Par ailleurs, la référence à l'article 36 de la
Constitution, qui affirme le droit pour tout salarié de recevoir une
juste rémunération, permet l'extension par les tribunaux des
accords salariaux de branche.
Les accords collectifs doivent préciser leur durée de
validité. En règle générale et conformément
à l'accord tripartite du 23 juillet 1993, les accords collectifs
conclus au niveau national sont conclus pour une durée de quatre ans,
mais leurs clauses dites économiques (qui concernent les niveaux et les
augmentations de salaires) ne sont valables que pendant deux ans. Les accords
d'entreprise s'appliquent pendant quatre ans.
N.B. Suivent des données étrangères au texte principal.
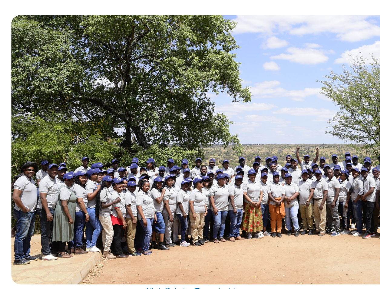
All staff during Tarangire trip

The retreat wasn't just about spiritual nourishment; it included financial well-being sessions, team building activities, and a night of traditional shows and barbecue. The diverse range of activities, from chasing chickens where the National Director

d) Le respect de la paix sociale dans les entreprises couvertes par des
accords collectifs
L'accord tripartite du 23 juillet 1993 suggère aux partenaires de
présenter leurs programmes de négociation au moins trois mois
avant l'expiration des accords collectifs, cette période devant, tout
comme le mois suivant, constituer une période d'apaisement, pendant
laquelle aucune forme de conflit social n'est admise.
e) Le renouvellement des accords collectifs
Traditionnellement, les pouvoirs publics jouent un rôle actif de
médiation lors du renouvellement des accords collectifs de branche. Il
arrive souvent que cette médiation se transforme en arbitrage.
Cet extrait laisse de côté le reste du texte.